TABLE III: Comparison of the baseline STTran method (STTran), the baseline STTran method merely using the spatial encoder (STTran SE), the baseline STTran method merely using the temporal decoder (STTran TD), our framework merely using SKEL (Our SKEL), our framework merely using SKEL without the loss

\mathcal{L}_{spk}

(Ours SKEL w/o

\mathcal{L}_{spk}

), our framework merely using TKEL (Our TKEL), our framework merely using TKEL without the loss

\mathcal{L}_{tpk}

(Ours TKEL w/o

\mathcal{L}_{tpk}

), our framework removing STA (Ours w/o STA) and our framework (Ours).

Methods	Pred Cls				SG Cls
	R@10	R@20	mR@10	mR@20	R@10	R@20	mR@10	mR@20
STTran	77.8	94.1	15.4	19.6	53.8	63.6	10.7	13.1
STTran SE	75.3	91.1	13.8	18.9	51.6	62.1	9.5	12.2
STTran TD	76.7	93.2	14.5	19.2	53.1	63.0	10.0	12.6
Ours SKEL	78.0	94.3	15.5	19.8	54.2	64.1	11.3	13.5
Ours SKEL w/o $\mathcal{L}_{spk}$	77.3	93.9	14.9	19.3	53.6	63.7	10.5	12.8
Ours TKEL	81.2	95.5	18.7	25.1	56.0	64.4	14.3	16.2
Ours TKEL w/o $\mathcal{L}_{tpk}$	80.7	95.1	18.2	24.4	55.3	63.7	13.6	15.8
Ours w/o STA	81.9	95.8	19.4	26.5	56.5	64.9	14.8	16.7
Ours	82.6	96.3	20.1	27.3	57.1	65.3	15.4	17.2

Further, to emphasize the effectiveness of spatial-temporal knowledge, we conduct qualitative experiments that visualize two relationship transition matrices of different subject-object pairs (i.e., “man-tv” and “man-cup”) in Figure 7, where a lighter color indicates a higher probability of relationship transition. It’s worth noting that transition probabilities vary widely depending on the predicates and object categories involved, e.g., the transition likelihood for common predicates like “looking at” is much higher than for rare predicates such as “writing on”. This variance within the transition matrix highlights the importance of incorporating spatial-temporal knowledge for effective relationship prediction regularization. Additionally, we evaluate the entropy of spatial-temporal knowledge embeddings generated by our STKET model. Lower entropy values in these embeddings, particularly those for infrequent relationship categories like “eating”, “writing on”, and “twisting”, indicate a significant amount of prior information. This suggests that these embeddings offer substantial prediction regularization, potentially explaining why our STKET model excels over existing leading algorithms in predicting less common relationships.
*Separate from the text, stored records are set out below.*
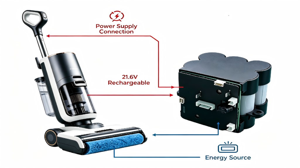 Q: What is the difference between 6S1P and other configurations? A: 6S1P means 6 cells connected in series (6S) with 1 parallel group (1P). This configuration delivers 21.6V nominal voltage — ideal for high-power floor washer motors and water pumps. It provides significantly more power than lower-voltage configurations while maintaining a compact size.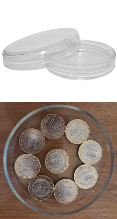 Комплект: две чашки Петри из кислотостойкого стекла.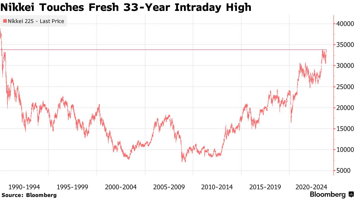 日经今年上涨约28%,受益于日元持续疲软、实体公司盈利和东京证券交易所倡导的企业治理改革。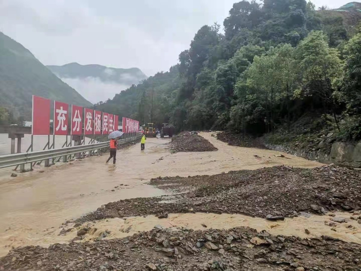 平武辖区国道247线1083KM平武平通太平坝、梅林路段出现泥石流,道路中断,正在抢通,平通派出所在林家坝超限站对绵阳方向的上行车进行交通管制。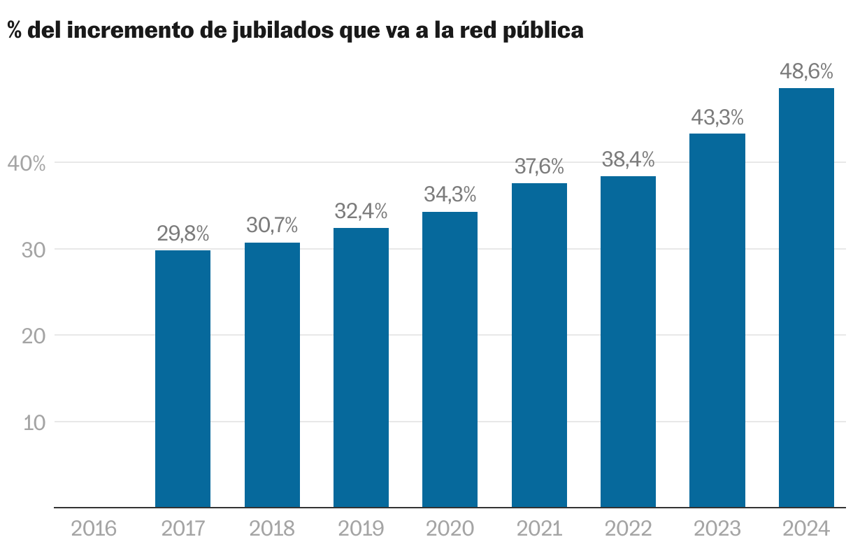 Juan Abarca, presidente de la Fundación IDIS, apunta también otras razones. “Los docentes están dispersos por todo el territorio nacional y, en algunas provincias, la oferta de la sanidad privada no es tan completa como en las grandes ciudades. Esto puede hacer que estos empleados públicos elijan la pública. En las grandes capitales, al contrario, es más frecuente que la gente de esa edad ya tenga un seguro médico privado complementario y prefiera mantener la doble cobertura”, explica.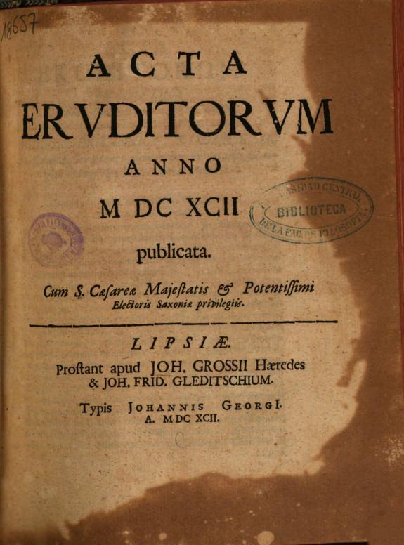 Acta eruditorum : anno ... publicata ‐ [Año 1692]

Since the STKET framework consists of three complementary modules, i.e., the SKEL module, the TKEL module, and the STA module, in the following, we further conduct more ablation experiments to analyze the actual contribution of each module for a more in-depth understanding.

IV-C2 Analysis of SKEL

To evaluate the actual contribution of the SKEL module, we compare the performance of our STKEL framework merely using this module (namely, “Ours SKEL”) with the performance of the baseline STTran method merely using its spatial encoder (namely, “STTran SE”). As shown in Table III, the SKEL module improves the R@10 from 75.3% to 78.0% and the R@20 from 91.1% to 94.3% on Pred Cls, with improvements of 2.7% and 3.2%, respectively. Similarly, it improves the R@10 from 51.6% to 54.2% and the R@20 from 62.1% to 64.1% on SG Cls, with improvements of 2.6% and 2.0%, respectively. It is worth noting that the SKEL module achieves not only performance improvement on the R@10 and R@20 metrics but also on the mR@10 and mR@20 metrics. Specifically, this module obtains an mR@10 improvement of 1.7% and 1.8% and an mR@20 improvement of 0.9% and 1.3% on Pred Cls and SG Cls, respectively. These results demonstrate that the spatial co-occurrence correlation within each image can help to regularize spatial prediction space within each image effectively.

In the SKEL module, the loss $\mathcal{L}_{spk}$ helps to learn accurate spatial knowledge embedding, thereby effectively regularizing spatial prediction space within each image. To evaluate the contribution of this loss, we conduct experiments that only utilize the SKEL module without the loss (namely, “Ours SKEL w/o $\mathcal{L}_{spk}$ ”) for comparison purposes. As presented in Table III, it decreases the performance by 0.7%/0.4% on Pred Cls with R@10/20 and 0.6%/0.4% on SG Cls with R@10/20. Similarly, it degrades performance by 0.6%/0.5% on Pred Cls with mR@10/20 and 0.8%/0.7% on SG Cls with mR@10/20.

IV-C3 Analysis of TKEL

To evaluate the actual contribution of the TKEL module, we conduct experiments that remove the SKEL and STA module in STKET while only using this module (namely, “Our TKEL”) and compare it with the baseline STTran method merely using its temporal decoder (namely, “STTran TD”) for comparison purposes. Different from “STTran SE” which explores the spatial context within the single frame, “STTran TD” introduces a sliding window to capture the temporal dependencies between frames and thus achieves obvious performance improvement, as presented in Table III. Specifically, it improves the performance by 1.4%/2.1% on Pred Cls with R@10/20 and 1.5%/0.9% on SG Cls with R@10/20, which demonstrates the importance of temporal correlations in recognizing dynamic visual relationships. However, “Our TKEL” performs better than this baseline “STTran TD”, with an R@10/20 improvement of 4.5% and 4.4% on Pred Cls and an R@10/20 improvement of 2.9% and 1.4% on SG Cls. Furthermore, “Our TKEL” consistently outperforms the baseline “STTran TD” in terms of the mR@10 and mR@20 metrics, i.e., it provides an R@10/20 improvement of 4.2% and 5.9% on Pred Clsand an mR@10/20 improvement of 4.3% and 3.6% on SG Cls. These results demonstrate that integrating temporal knowledge can be helpful in regularizing model learning correct temporal correlations, thereby effectively reducing ambiguous predictions.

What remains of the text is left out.